RÉSUMÉ DES CARACTÉRISTIQUES DU PRODUIT
ANSM - Mis à jour le : 07/01/2013
HEMOSOL B0, solution pour hémofiltration et hémodialyse
2. COMPOSITION QUALITATIVE ET QUANTITATIVE
HEMOSOL B0 est constitué d'une poche à 2 compartiments renfermant la solution d'électrolytes dans le petit compartiment (compartiment A) et la solution tampon dans le grand compartiment (compartiment B).
AVANT RECONSTITUTION:
· 1000 ml de solution d'électrolytes (petit compartiment A) contiennent:
Chlorure de calcium dihydraté ........................................................................................................... 5,145 g
Chlorure de magnésium hexahydraté ................................................................................................. 2,033 g
Acide lactique .................................................................................................................................. 5,400 g
· 1000 ml de solution tampon (grand compartiment B) contiennent:
Bicarbonate de sodium ..................................................................................................................... 3,090 g
Chlorure de sodium .......................................................................................................................... 6,450 g
Pour la liste complète des excipients, voir rubrique 6.1
APRES RECONSTITUTION:
Les solutions des compartiments A et B sont mélangées pour former la solution reconstituée. Sa formule ionique est la suivante:
|
|
mmol/l |
mEq/l |
|
Calcium Ca++ |
1,75 |
3,50 |
|
Magnésium Mg++ |
0,50 |
1,0 |
|
Sodium Na+ |
140 |
140 |
|
Chlorure Cl- |
109,5 |
109,5 |
|
Lactate |
3 |
3 |
|
Bicarbonate HCO3- |
32 |
32 |
Osmolarité théorique 287 mOsm/l
Solution pour hémofiltration et hémodialyse.
Solution reconstituée limpide et transparente.
4.1. Indications thérapeutiques
Solution de substitution pour l'hémofiltration, l'hémodiafiltration et solution de dialyse pour l'hémodialyse continue dans le traitement de l'insuffisance rénale aiguë.
4.2. Posologie et mode d'administration
Posologie
Le volume de solution de substitution à administrer dépend de l'efficacité de la technique utilisée et de la quantité de solution à échanger afin d'obtenir la balance des liquides souhaitée.
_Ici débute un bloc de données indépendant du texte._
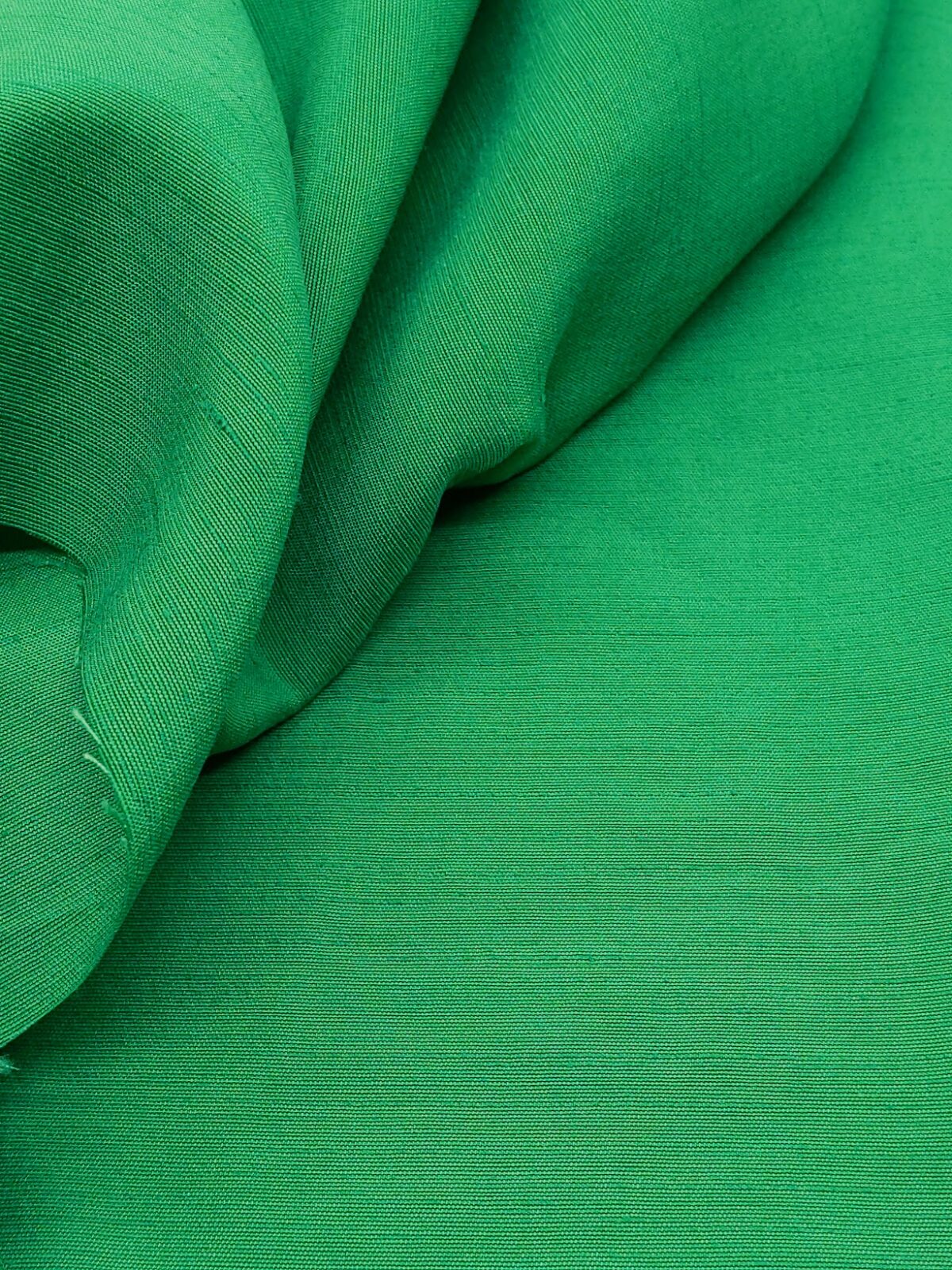 A vibrant deadstock linen in a saturated emerald green hue, woven in a fine twill pattern that adds a subtle directional texture. With a dry, crisp hand and moderate body, this fabric lends itself well to statement shirting, summer suits, or tailored separates.
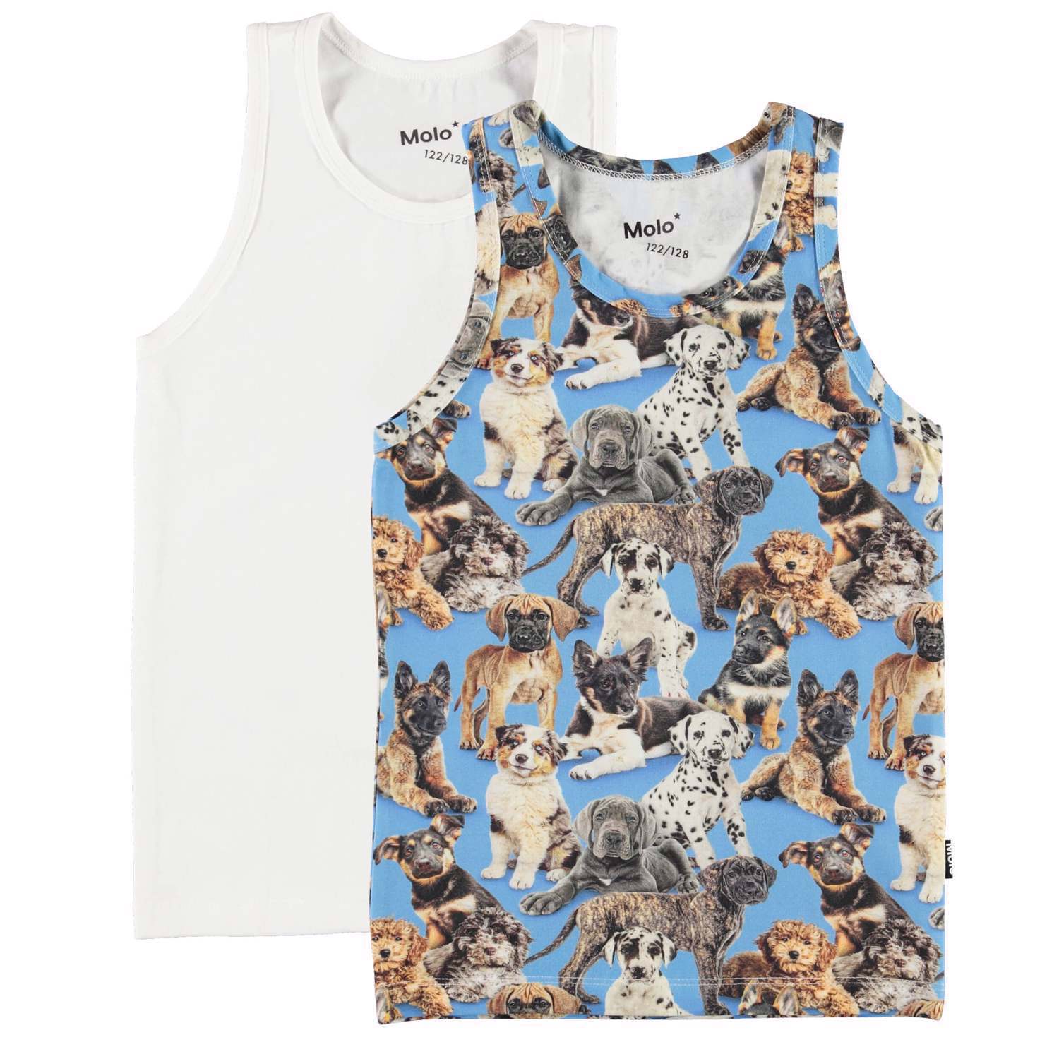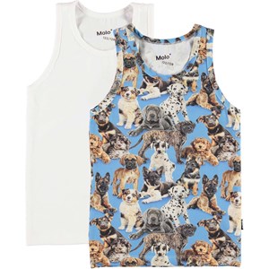 Jayden 2-pack har ikke én, men to tank tops - en i hvid og en med et all-over print med de sødeste hundehvalpe. Molo logo er printet i kontrastfarve i nakken.
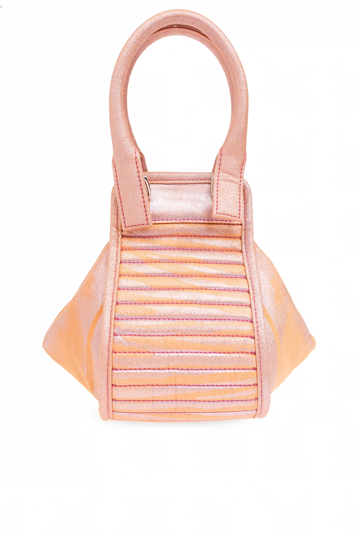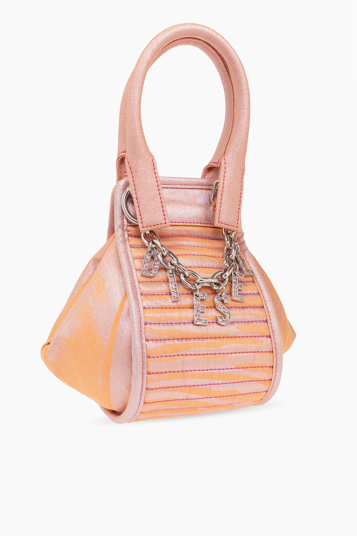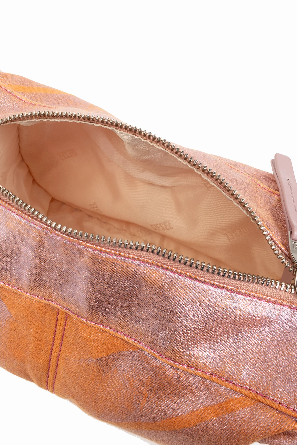 Różowo-pomarańczowa, jeansowa torba na ramię ‘D-VINA-XS’ Diesel. Zamykana na zatrzaski i zamek. Ozdobiona przetarciami, przebarwieniami i pikowaniem nadającymi efekt ‘vintage’. Częściowo pokryta połyskującą powłoką. Z przodu łańcuch z logo wysadzany połyskującymi kryształami. Dwie półokrągłe rączki oraz odpinany pas na ramię. Wewnątrz komora. Metalowe wykończenie w kolorze srebrnym.
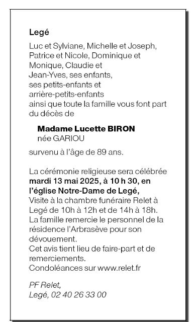 Fallecida en Rocheservière (85620, Francia) el sábado, 10 de mayo de 2025 a la edad de 89 años
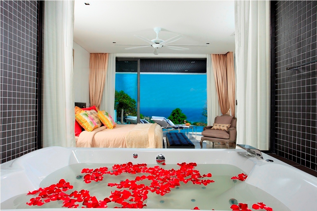 The majority of the villa’s 6 bedrooms and living spaces enjoy ceiling-high folding glass doors that open out onto private balconies; to take full advantage of the alluring sea views, welcoming sunrises, colourful sunsets and magical fireworks displays that light up the night over Phuket’s most exclusive skyline.
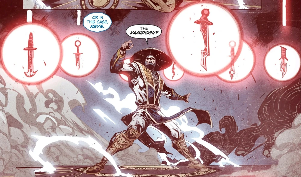 Os Kamidogu personificam a essência de cada um de seus respectivos reinos, e existe um pertencente a cada reino: Plano Terreno (círculos verde e azul), Plano Inferior (vermelha com chifres), Plano do Caos (chifre laranja), Exoterra (Shuriken), Plano da Ordem (quadrado azul) e Edenia (Yin-Yang). Existe um Kamidogu adicional que está conectado a todos os outros e os supera, pois incorpora a essência não apenas de um reino, mas de todo o universo. Esse Kamidogu final revelou-se ser o Amuleto Sagrado, também conhecido como Amuleto de Shinnok.
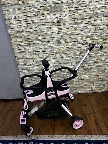 Детская прогулочная коляска‑велосипед (тип «толокар») JRQ, розово‑черная.
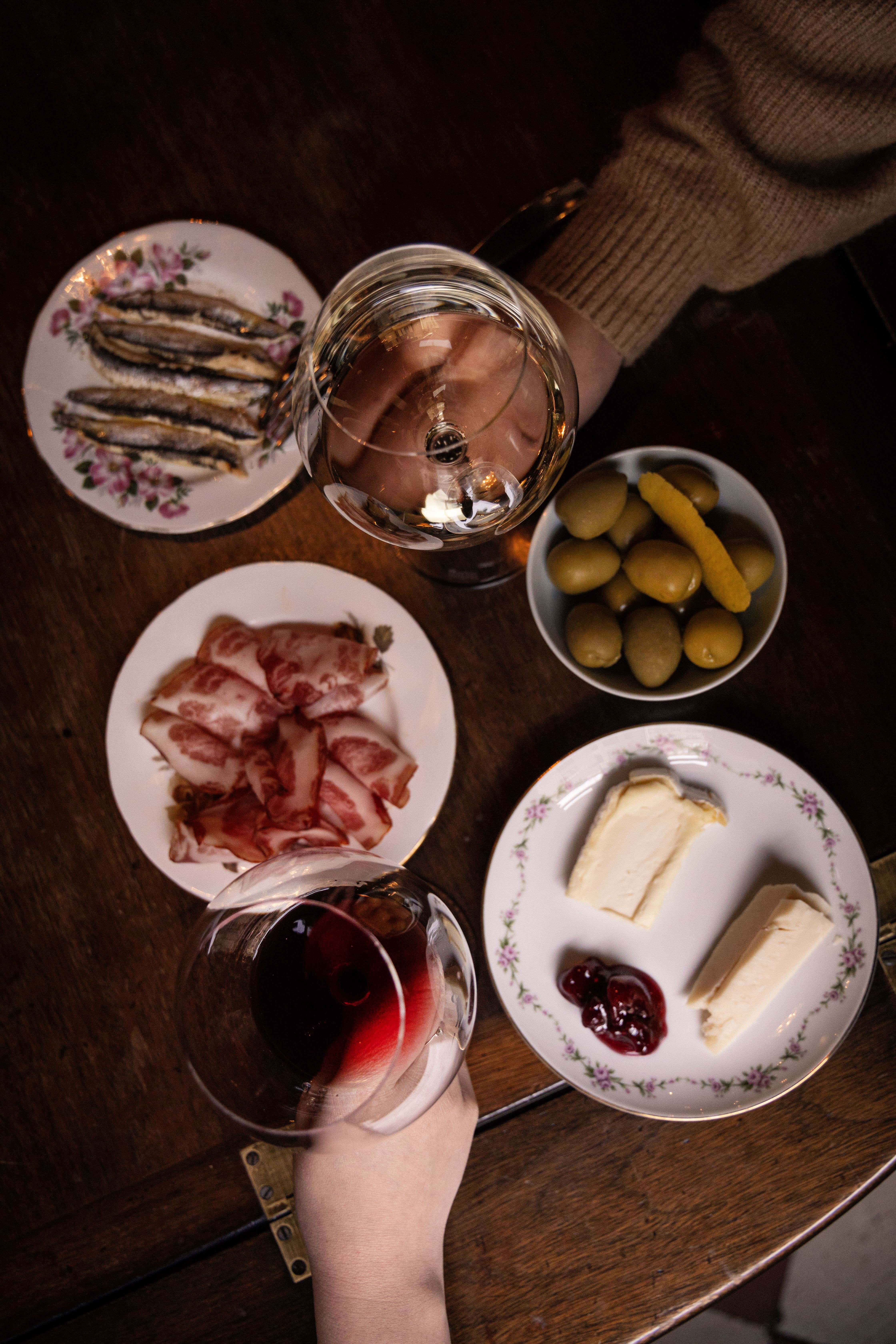 FI: Viinibaarin ruokia ja lasit viiniä
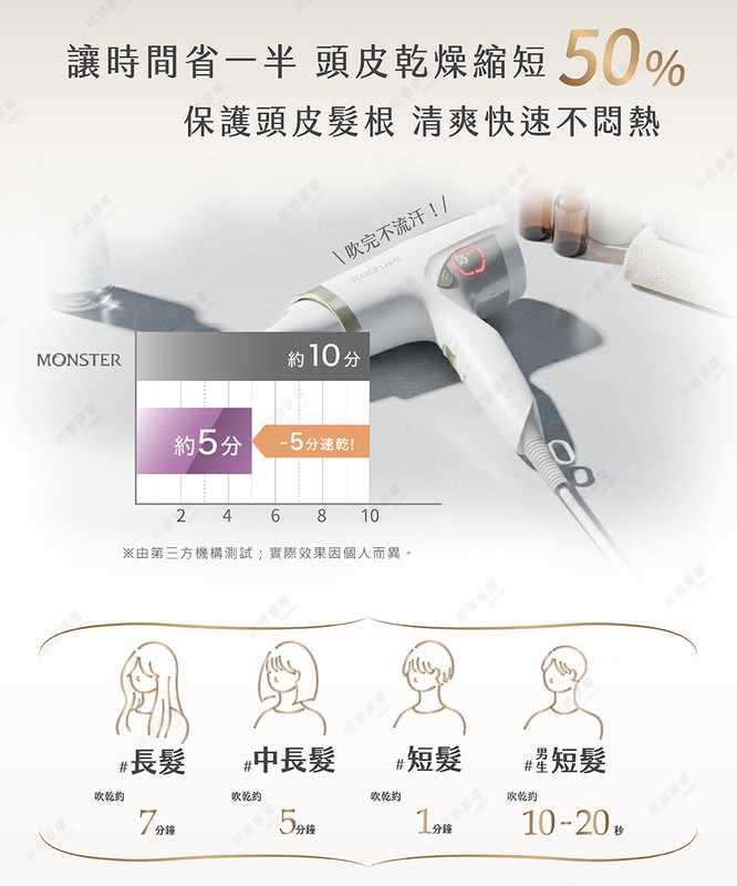 KOIZUMI 在日本是知名的個人美容家電品牌,長年推出各式美髮造型工具。此次引進的小Monster 採用品牌最新的雙 BLDC 馬達設計,透過雙渦輪結構提升風速與風量,協助更迅速地帶走水分。在相同條件下,內部測試顯示可縮短吹乾時間;實際效果則會依個人髮量、環境及使用方式而有所不同。
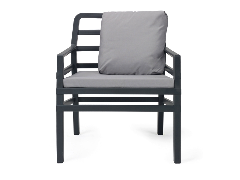 Lo stesso delicato equilibrio è stato mantenuto nella scelta di complementi ed accessori, selezionati tra i più noti marchi di design contemporaneo, in particolare per l’arredo dei terrazzi è stato scelta Aria di Nardi (www.nardigarden.com) nei toni dell’antracite, un’ampia poltroncina per esterni con cuscini in tessuto realizzata in resina fiberglass con struttura a doghe. Con la poltroncina anche il tavolino d’appoggio, anch’esso dogato. Mood, toni e finitura mat di poltroncina e tavolino ben si adattano al contrasto materico con il legno oltre che ad essere elementi d’arredo studiati specificatamente per l’outdoor essendo inalterabili e resistenti a qualsiasi temperatura. Non richiedono, inoltre, alcuna manutenzione e sono completamente riciclabili.
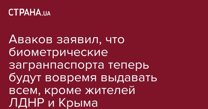 Аваков заявил, что биометрические загранпаспорта теперь будут вовремя выдавать всем, кроме жителей ЛДНР и Крыма
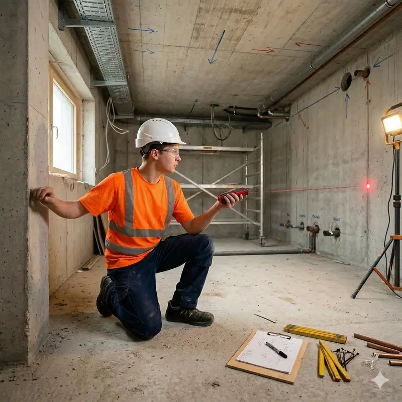 "description": "Du misst auf der Baustelle mit Bandmass und Laser die Räume und Leitungswege aus, damit die Kühlanlage später passt.",
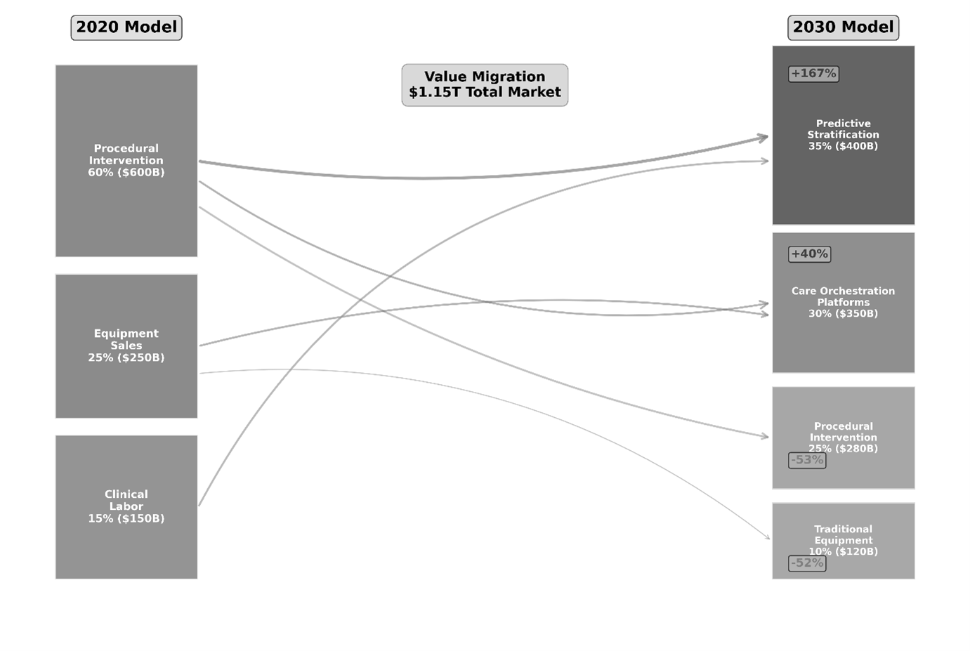 Figure 3: Healthcare Value Migration (2020-2030) – Margin capture shifting toward predictive stratification.
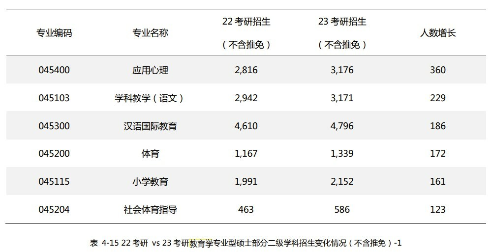 类似的学科也包括教育学。《报告》显示,2023年教育学学术型硕士招生人数为9258人,专业型硕士招生人数40115人。虽然,2023年考研中教育学门类的招生名额共减少了527人,但心理学、体育学、汉语国际教育、应用心理、学科教学(语文)等专业,招生名额相较2022年均有较大提升。
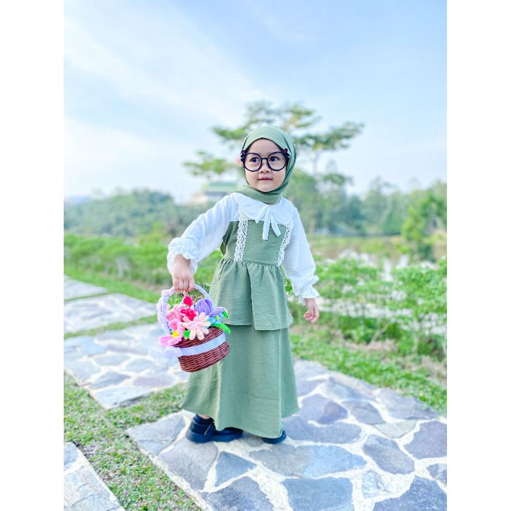 1 - 3 Tahun Kesya Series Setelan Gamis Muslim Anak Perempuan Set Hijab Bahan Crinkle Model Korea Terbaru 2022
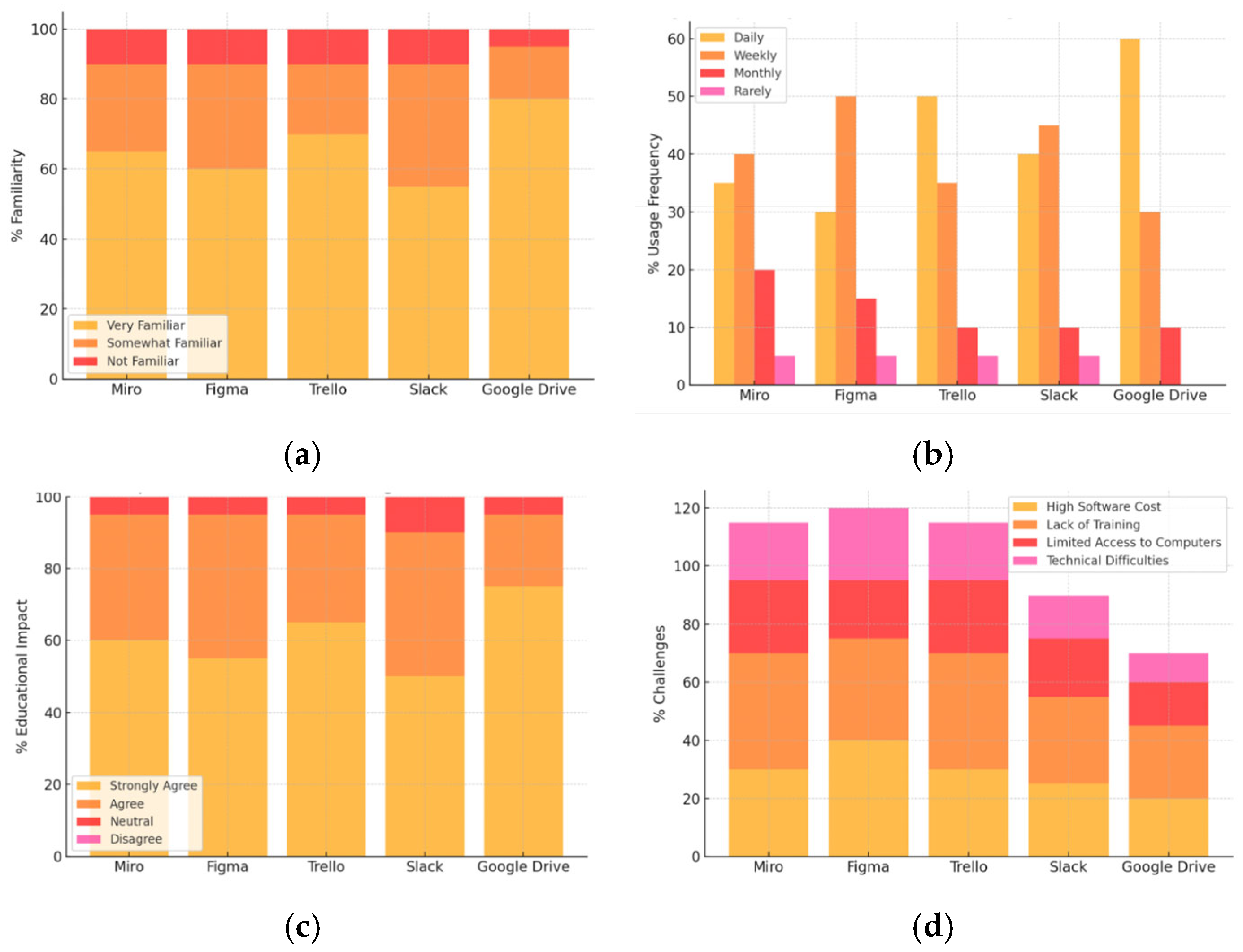 The usage frequency data indicate that Google Drive is used most frequently (60% daily), followed by Trello (50%). However, tools like Miro and Figma are used less frequently.
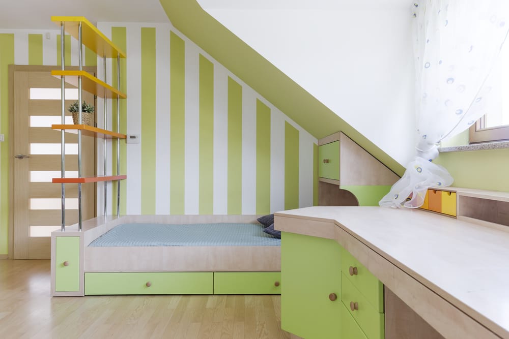 White adds a feeling of refinement and tranquility to this teenager’s bedroom. Lime green lends the sleeping zone a fun atmosphere.

Par conséquent, les volumes à échanger relèvent d'une prescription médicale.
Les débits usuels de solution de substitution pour l'hémofiltration et l'hémodiafiltration sont les suivants:
· adulte: 500 - 1500 ml/h.
· enfant: 15 - 20 ml/kg/h.
Les débits usuels de solution de dialyse (dialysat) en hémodialyse continue sont les suivants:
· adulte: 500 - 2000 ml/h
· enfant: 15 - 20 ml/kg/h.
Mode d'administration
Hemosol B0, lorsqu'il est utilisé en tant que solution de substitution, est administré dans le circuit sanguin en amont (pré dilution) ou en aval (post-dilution) de l'hémofiltre.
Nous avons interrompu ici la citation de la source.